‘The Brain That Wouldn’t Die’ Horror Movie Review: Weird Science [Screamfest]
The Brain That Wouldn’t Die is either a remake of the 1962 film of the same title and premise, or a spoof of it. Or, possibly both. Like a ’60s black and white horror film, the tone of the 2020 Brain is melodramatic in dialogue and performance. It is in color, but the music sounds like it could literally be the score to a 1962 movie. Only the red blood sprays indicate absurdly graphic gore that movie prior to the MPAA ratings system would never allow.
The plot of ‘The Brain That Wouldn’t Die’ as it were
The title is pretty self-explanatory, but there is a plot, presumably. Bill (Patrick D. Green) is a surgeon who proposes unorthodox methods to save patients. When his girlfriend, Jan (Rachael Perrell Fosket) is decapitated in an automobile accident, Bill is able to keep her head and brain alive.
Now, he’s just looking for a body to attach Jan to. Bill goes about looking for potential bodies in humorously unsuccessful ways. The old Brain That Wouldn’t Die probably wouldn’t have thought of some of these sources, so that makes it new. Jan isn’t too happy to be a head either, although she spends most of her time yelling at Bill’s lab assistant Kurt (Jason Reynolds) because Bill is busy looking for bodies.
This really is a scene for scene, and in some cases word for word, remake of the original film. The only difference is in 1962, it was contemporary. Every horror movie was like that. Now, it is intentionally, deliberately retro.
Does ‘The Brain That Wouldn’t Die’ get old?
Props to writer Hank Huffman and director Derek Carl for maintaining this tone through the whole movie. Your mileage may vary as to how long it remains fresh, but the filmmakers an actors all commit.

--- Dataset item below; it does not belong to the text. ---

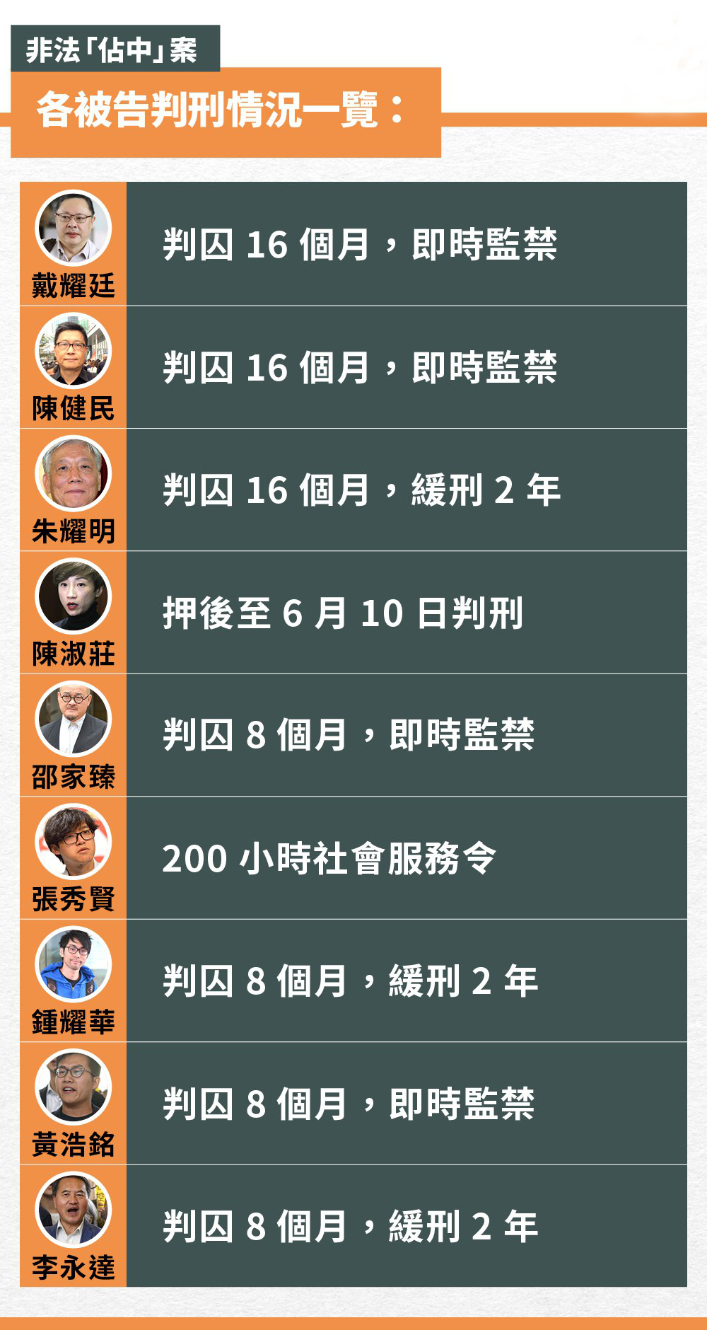 非法「佔中」其中两名发起人戴耀廷及陈健民的第一项控罪「串谋公众妨扰」,判即时入狱16个月;第二项控罪「煽惑他人煽惑公众妨扰」,判监8个月,同期执行,即是两人各合共监禁16个月,需即时入狱。另一名发起人朱耀明,同样因「串谋公众妨扰」罪,判监16个月,但获缓刑2年。

Occasionally there are movies that attempt to recreate an older style in modern day. Another Screamfest horror movie Lost After Dark did it for ’80s slasher movies, and there was The Lost Skeleton of Cadavra. Steven Soderbergh did a highbrow version of an old time movie with The Good German.

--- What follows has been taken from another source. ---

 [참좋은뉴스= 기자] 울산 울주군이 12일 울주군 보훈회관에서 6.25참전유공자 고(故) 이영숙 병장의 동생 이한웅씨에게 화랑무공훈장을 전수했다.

When the remake becomes a spoof
The Brain That Wouldn’t Die does lean more into spoof of its namesake. They add satire to the melodrama as cappers to scenes point out the absurdity of the scene to which the characters have committed seriously. They even watch the 1962 original at one point, making it both meta and canon. Yet, this also works as nostalgic melodrama for an era when movies weren’t over being sincere about absurd premises.
Screamfest allows all kinds of horror in its program and The Brain That Wouldn’t Die is definitely a horror-comedy. There’s probably nothing in it that would scare a 2020 audience, unless ’60s monsters still scare you. That’s just as valid a horror movie and if it’s funny gore you’re looking for, look for The Brain That Wouldn’t Die after Screamfest.